## Exercise requirements:
Work through the records below and copy every line that includes "online".

## Given information:
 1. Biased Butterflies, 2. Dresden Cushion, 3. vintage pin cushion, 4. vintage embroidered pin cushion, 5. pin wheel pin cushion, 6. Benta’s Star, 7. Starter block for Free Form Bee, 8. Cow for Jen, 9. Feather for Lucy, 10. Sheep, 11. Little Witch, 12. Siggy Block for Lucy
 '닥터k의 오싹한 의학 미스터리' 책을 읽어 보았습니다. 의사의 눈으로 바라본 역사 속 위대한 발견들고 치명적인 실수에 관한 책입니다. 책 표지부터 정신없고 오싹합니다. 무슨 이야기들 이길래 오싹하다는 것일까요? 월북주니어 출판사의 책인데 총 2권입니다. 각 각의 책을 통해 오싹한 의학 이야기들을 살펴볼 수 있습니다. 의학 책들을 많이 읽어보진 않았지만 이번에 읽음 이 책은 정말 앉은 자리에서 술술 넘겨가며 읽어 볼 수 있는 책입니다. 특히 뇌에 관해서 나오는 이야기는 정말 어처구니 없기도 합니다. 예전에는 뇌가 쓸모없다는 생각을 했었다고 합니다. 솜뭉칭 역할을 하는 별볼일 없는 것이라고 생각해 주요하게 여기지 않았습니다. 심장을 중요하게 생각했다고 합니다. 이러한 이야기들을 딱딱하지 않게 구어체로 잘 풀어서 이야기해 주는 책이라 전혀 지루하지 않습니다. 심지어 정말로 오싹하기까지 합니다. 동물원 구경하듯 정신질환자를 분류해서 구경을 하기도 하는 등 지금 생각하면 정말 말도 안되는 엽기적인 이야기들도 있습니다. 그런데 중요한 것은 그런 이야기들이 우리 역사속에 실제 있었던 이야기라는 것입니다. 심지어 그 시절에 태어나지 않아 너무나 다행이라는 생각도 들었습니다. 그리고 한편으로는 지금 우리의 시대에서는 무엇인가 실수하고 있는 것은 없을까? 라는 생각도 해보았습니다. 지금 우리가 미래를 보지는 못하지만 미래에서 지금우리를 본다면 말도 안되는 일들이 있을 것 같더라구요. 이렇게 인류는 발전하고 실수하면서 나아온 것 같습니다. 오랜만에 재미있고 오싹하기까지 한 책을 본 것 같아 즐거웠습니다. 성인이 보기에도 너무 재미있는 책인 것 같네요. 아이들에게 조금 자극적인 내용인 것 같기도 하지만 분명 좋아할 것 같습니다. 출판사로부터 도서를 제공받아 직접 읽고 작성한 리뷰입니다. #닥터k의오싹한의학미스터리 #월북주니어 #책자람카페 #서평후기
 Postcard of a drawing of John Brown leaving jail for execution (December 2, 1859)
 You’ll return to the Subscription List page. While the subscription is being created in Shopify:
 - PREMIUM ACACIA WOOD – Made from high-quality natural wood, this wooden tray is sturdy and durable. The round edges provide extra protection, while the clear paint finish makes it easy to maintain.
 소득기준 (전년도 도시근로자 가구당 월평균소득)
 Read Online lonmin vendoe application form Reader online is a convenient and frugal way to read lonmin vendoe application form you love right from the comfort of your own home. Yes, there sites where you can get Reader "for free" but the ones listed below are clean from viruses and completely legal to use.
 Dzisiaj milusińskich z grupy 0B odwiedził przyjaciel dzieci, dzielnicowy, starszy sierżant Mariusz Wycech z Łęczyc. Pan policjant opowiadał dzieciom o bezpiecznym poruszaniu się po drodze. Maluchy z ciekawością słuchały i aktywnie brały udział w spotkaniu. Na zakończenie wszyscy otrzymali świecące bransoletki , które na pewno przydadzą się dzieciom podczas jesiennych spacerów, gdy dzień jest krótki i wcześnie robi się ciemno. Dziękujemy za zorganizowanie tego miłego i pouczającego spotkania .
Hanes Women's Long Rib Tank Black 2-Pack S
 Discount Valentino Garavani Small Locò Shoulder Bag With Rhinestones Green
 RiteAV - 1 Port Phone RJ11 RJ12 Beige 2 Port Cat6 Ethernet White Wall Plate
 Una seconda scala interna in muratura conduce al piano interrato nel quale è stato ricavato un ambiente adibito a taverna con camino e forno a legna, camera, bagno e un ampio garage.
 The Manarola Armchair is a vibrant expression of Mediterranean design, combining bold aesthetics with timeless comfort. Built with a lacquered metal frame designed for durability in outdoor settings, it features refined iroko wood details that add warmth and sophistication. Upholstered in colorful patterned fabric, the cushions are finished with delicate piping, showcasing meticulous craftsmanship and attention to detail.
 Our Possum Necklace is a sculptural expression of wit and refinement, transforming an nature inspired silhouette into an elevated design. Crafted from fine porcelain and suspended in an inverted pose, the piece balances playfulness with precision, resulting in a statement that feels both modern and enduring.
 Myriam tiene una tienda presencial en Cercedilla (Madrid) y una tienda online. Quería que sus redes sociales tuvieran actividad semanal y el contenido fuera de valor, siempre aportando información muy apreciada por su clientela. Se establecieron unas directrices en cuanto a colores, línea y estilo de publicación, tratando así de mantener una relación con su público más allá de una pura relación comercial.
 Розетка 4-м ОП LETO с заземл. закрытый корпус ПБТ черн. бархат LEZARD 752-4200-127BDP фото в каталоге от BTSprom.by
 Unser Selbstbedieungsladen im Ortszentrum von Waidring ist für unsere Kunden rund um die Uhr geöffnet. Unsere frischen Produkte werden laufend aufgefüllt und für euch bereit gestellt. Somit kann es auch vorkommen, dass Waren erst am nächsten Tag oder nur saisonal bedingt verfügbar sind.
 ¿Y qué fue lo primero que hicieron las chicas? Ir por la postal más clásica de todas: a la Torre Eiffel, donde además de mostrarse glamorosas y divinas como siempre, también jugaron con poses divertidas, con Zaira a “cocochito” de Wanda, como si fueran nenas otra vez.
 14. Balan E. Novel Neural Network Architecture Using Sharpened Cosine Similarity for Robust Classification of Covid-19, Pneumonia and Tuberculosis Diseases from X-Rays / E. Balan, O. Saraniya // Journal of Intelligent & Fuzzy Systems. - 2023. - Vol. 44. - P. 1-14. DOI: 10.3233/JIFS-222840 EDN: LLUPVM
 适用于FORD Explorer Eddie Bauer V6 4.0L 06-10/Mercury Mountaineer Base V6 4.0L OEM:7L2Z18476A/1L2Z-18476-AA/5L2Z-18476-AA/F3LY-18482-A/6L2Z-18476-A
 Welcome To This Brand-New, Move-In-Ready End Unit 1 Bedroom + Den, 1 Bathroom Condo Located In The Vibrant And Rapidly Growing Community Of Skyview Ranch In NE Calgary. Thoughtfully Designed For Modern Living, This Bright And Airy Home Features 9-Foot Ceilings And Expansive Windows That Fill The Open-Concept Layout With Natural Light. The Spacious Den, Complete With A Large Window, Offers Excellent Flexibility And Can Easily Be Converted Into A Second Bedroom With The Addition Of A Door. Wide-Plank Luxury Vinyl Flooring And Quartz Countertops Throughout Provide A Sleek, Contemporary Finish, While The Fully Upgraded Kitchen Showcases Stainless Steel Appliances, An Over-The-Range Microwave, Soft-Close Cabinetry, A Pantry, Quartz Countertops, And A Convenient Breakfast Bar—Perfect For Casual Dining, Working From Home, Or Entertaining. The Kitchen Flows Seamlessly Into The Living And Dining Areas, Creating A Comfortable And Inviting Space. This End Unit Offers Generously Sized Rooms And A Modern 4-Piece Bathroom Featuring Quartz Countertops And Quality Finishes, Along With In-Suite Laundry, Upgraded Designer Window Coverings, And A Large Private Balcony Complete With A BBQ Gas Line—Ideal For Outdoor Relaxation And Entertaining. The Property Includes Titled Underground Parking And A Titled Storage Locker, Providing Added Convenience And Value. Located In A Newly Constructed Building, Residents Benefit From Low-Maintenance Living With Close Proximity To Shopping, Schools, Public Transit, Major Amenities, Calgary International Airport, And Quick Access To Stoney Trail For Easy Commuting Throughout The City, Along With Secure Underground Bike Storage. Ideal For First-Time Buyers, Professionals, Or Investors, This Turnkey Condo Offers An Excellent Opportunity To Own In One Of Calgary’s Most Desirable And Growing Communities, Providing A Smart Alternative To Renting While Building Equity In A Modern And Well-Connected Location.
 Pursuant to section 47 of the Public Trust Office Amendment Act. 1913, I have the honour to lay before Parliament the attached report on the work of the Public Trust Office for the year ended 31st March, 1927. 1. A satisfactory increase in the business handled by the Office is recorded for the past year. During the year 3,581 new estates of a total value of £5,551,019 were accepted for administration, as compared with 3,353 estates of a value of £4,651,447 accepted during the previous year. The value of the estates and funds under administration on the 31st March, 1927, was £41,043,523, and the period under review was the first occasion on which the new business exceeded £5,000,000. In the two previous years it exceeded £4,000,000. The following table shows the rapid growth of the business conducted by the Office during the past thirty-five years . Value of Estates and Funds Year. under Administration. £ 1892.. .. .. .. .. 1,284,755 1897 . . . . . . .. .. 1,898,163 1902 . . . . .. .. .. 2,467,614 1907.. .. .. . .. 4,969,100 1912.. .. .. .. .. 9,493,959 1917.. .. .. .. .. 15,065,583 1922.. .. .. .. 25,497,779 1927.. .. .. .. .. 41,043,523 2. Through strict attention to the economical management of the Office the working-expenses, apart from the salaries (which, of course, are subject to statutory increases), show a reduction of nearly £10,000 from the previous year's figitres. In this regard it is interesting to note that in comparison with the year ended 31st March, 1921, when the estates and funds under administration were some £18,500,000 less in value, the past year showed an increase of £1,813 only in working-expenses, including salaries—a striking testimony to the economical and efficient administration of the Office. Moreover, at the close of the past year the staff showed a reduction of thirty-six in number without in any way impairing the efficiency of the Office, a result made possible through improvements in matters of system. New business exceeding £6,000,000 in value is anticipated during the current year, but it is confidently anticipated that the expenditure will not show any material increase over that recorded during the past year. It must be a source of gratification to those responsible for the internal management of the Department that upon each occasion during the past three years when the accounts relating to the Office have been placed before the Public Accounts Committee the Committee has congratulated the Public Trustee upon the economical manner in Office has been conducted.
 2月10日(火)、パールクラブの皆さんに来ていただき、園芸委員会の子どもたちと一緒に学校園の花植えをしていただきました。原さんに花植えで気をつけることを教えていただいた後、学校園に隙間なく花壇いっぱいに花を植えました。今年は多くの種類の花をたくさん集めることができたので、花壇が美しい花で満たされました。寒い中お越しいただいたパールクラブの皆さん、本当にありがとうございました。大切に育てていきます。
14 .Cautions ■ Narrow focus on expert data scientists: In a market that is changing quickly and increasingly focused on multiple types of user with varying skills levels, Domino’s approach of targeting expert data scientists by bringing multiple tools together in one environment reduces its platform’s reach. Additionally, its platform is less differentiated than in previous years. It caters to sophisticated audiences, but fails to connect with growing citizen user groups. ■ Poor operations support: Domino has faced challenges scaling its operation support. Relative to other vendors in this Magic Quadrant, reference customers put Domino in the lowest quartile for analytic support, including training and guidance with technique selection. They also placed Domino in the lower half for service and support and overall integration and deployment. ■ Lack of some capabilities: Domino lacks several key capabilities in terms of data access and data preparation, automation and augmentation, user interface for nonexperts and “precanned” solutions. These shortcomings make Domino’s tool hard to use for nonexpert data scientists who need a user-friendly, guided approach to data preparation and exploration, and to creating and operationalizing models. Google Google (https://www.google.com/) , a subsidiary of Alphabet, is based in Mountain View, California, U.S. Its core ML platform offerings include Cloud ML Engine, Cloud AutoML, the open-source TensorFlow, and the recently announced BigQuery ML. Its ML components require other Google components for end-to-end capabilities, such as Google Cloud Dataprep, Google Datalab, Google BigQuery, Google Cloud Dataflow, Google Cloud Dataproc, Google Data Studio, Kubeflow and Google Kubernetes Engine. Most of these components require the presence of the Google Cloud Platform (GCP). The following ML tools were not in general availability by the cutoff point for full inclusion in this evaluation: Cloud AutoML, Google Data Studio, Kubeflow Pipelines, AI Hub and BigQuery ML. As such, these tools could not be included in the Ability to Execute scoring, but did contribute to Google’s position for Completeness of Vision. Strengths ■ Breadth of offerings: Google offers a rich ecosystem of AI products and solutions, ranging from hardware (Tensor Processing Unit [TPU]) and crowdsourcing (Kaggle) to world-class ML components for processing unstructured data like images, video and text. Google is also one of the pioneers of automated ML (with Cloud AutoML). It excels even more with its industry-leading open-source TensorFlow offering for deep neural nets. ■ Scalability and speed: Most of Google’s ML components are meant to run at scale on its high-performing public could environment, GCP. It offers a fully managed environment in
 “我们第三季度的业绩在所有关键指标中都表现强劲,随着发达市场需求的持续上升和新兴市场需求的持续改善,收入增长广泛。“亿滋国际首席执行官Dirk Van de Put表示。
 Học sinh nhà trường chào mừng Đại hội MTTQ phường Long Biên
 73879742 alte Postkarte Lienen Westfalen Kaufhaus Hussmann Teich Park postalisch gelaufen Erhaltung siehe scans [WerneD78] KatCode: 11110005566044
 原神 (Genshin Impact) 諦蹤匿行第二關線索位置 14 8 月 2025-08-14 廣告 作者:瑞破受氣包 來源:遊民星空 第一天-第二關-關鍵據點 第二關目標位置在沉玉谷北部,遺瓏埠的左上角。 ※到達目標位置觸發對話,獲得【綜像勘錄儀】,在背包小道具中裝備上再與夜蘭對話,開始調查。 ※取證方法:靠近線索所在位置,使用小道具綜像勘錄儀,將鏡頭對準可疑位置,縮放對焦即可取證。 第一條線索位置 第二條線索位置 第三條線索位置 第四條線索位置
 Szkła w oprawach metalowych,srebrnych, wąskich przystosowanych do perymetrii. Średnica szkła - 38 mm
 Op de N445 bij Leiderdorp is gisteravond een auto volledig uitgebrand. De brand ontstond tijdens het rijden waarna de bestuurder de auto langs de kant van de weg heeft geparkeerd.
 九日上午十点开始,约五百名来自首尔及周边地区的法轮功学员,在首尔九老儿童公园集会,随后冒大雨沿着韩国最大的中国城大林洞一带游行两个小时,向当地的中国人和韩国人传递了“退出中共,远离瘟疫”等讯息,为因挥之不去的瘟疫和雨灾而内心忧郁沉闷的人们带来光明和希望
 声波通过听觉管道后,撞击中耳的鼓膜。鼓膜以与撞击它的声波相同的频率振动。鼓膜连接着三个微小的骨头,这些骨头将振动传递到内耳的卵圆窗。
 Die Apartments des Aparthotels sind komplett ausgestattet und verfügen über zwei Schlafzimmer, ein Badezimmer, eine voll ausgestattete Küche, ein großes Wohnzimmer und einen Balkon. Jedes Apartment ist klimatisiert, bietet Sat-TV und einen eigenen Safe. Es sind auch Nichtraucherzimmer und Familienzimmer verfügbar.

## Exercise response:
 Read Online lonmin vendoe application form Reader online is a convenient and frugal way to read lonmin vendoe application form you love right from the comfort of your own home. Yes, there sites where you can get Reader "for free" but the ones listed below are clean from viruses and completely legal to use.
 Myriam tiene una tienda presencial en Cercedilla (Madrid) y una tienda online. Quería que sus redes sociales tuvieran actividad semanal y el contenido fuera de valor, siempre aportando información muy apreciada por su clientela. Se establecieron unas directrices en cuanto a colores, línea y estilo de publicación, tratando así de mantener una relación con su público más allá de una pura relación comercial.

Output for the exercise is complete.